Después de su llamada telefónica a Antonina, el mariscal se encontró con Tosca y su marido, en el living-room. Sin prisas por irse, porque estaba convencido que impresionaba fuertemente a la joven, se instaló en un sillón, lo que enfureció a Santo, cada vez más seguro de que era víctima de una cábala cuyo único fin era no dejarle un instante a solas con Tosca. Mordiéndose las uñas, soportó el interminable monólogo de Corrado hablando de Antonina y de sus éxitos femeninos, de las razones por las que se encontraba en Moglio y no en Bolonia donde su talento habría debido llamarle.

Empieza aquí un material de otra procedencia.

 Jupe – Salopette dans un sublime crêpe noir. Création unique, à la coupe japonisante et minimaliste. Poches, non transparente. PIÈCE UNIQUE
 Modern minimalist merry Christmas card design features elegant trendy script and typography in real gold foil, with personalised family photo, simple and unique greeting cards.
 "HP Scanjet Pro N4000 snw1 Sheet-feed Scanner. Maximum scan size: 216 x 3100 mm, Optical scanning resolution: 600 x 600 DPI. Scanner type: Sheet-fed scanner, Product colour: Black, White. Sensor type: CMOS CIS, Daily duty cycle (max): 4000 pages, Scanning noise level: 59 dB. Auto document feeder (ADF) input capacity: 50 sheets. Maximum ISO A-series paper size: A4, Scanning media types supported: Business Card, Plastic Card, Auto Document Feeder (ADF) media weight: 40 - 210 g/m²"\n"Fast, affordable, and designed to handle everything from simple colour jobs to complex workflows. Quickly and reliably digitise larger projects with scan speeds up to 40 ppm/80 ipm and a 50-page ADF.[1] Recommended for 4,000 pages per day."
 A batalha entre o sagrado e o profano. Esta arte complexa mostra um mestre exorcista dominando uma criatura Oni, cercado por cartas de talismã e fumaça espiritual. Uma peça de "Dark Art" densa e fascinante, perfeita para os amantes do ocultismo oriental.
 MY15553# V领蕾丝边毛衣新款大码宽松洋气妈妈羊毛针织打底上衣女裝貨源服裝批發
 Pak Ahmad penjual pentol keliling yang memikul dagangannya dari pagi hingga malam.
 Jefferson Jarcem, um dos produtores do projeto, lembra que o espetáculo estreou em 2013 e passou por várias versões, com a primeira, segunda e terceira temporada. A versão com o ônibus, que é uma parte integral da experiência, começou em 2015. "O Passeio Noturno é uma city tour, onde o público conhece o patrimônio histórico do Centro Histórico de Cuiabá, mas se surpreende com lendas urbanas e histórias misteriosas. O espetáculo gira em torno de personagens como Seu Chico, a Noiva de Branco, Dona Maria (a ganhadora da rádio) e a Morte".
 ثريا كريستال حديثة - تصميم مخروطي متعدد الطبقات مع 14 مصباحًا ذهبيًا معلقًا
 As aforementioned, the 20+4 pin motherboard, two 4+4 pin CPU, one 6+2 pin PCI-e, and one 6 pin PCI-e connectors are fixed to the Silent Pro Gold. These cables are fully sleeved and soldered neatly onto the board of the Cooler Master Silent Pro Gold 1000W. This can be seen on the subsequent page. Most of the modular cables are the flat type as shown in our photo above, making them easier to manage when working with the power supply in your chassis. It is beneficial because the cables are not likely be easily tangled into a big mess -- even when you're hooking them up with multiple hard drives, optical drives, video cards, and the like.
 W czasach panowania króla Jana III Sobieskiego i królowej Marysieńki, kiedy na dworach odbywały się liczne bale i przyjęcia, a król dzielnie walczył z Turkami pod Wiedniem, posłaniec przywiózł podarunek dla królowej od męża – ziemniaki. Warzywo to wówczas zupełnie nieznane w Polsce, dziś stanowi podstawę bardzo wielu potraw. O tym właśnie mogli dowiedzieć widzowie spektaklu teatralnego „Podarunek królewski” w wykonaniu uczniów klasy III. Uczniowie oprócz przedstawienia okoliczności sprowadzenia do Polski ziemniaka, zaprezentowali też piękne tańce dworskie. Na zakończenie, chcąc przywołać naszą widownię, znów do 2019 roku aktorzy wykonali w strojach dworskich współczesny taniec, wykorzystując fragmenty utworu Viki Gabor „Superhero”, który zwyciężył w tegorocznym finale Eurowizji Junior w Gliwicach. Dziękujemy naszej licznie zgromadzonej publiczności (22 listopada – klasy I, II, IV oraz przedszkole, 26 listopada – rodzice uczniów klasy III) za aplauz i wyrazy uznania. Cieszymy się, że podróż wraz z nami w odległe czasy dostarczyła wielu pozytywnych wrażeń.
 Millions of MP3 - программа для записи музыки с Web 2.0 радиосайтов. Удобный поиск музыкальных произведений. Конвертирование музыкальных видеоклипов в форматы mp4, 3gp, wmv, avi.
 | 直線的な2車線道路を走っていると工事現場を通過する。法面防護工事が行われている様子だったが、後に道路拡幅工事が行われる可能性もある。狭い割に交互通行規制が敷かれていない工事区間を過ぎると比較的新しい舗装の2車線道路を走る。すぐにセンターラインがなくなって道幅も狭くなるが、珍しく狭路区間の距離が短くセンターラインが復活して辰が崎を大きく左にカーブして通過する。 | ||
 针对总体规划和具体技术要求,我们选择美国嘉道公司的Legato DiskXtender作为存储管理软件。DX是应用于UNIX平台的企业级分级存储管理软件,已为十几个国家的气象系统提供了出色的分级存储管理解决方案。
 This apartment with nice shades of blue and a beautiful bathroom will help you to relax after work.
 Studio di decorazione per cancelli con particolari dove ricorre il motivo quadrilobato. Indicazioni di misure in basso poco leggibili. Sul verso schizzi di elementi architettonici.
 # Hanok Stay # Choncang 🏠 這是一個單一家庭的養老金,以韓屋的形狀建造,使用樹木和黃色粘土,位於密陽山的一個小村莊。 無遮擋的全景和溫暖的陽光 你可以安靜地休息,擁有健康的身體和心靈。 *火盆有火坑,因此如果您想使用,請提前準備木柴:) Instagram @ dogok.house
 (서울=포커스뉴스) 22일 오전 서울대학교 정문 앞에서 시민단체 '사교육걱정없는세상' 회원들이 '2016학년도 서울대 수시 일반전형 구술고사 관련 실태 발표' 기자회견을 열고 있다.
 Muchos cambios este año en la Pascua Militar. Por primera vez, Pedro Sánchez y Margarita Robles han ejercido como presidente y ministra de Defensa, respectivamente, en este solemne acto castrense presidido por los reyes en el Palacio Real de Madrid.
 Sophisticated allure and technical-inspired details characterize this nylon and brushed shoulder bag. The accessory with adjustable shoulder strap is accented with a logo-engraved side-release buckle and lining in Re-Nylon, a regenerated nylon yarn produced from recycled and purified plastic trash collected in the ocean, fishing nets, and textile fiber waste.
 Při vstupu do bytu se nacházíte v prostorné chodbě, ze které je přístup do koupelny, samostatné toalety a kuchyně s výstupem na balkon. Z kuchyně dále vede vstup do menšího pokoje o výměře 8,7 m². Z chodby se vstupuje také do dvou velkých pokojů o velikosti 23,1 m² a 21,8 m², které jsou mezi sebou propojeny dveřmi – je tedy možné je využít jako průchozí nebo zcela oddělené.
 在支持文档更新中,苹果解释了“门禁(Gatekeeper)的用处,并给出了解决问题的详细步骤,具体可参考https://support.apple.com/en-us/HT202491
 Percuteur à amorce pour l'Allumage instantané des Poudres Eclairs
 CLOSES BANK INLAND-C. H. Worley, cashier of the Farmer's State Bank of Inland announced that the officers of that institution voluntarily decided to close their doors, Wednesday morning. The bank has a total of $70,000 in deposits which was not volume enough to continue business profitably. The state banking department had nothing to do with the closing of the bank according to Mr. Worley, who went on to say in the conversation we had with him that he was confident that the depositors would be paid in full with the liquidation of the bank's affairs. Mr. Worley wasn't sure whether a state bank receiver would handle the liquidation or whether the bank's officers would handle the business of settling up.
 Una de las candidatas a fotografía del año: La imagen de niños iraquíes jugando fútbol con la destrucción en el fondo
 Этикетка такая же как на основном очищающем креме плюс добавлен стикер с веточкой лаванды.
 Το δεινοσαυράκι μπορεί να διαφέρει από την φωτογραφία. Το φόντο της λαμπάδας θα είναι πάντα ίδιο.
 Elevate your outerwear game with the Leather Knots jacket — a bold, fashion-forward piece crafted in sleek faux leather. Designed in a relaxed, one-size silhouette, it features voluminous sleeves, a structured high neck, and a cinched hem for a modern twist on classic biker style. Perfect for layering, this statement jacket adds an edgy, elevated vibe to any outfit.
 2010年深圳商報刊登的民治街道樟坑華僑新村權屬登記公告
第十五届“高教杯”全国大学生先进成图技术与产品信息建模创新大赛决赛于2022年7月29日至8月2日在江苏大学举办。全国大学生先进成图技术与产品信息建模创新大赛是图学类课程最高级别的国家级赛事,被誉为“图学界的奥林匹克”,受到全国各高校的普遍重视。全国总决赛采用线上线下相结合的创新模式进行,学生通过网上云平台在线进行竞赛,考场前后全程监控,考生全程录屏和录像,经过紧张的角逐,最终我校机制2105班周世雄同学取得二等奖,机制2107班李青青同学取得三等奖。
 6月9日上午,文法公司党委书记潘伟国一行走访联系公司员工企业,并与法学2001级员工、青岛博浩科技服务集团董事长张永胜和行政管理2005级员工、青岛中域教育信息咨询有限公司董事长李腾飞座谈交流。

Faliero estaba igual de exasperado por la verborrea del mariscal que por el aire de admiración sincera pintado en el rostro de su mujer.
Mientras tanto, el carabinero Silio Morano, sentado en el jardín, soñaba con su Gioconda. Metido de lleno en sus agradables sueños, no comprendió en seguida quién podía ser ese hombre que avanzaba hacia él titubeando. No reconoció a Soubray hasta que estuvo a su lado. Aunque carabinero, Silio Morano detestaba la vista de la sangre y el hilo rojo zigzagueando por la mejilla del francés le dejó paralizado. Morton había golpeado excesivamente y, a medida que le volvía la memoria, Jacques se preguntaba si no tendría el cráneo roto por algún sitio.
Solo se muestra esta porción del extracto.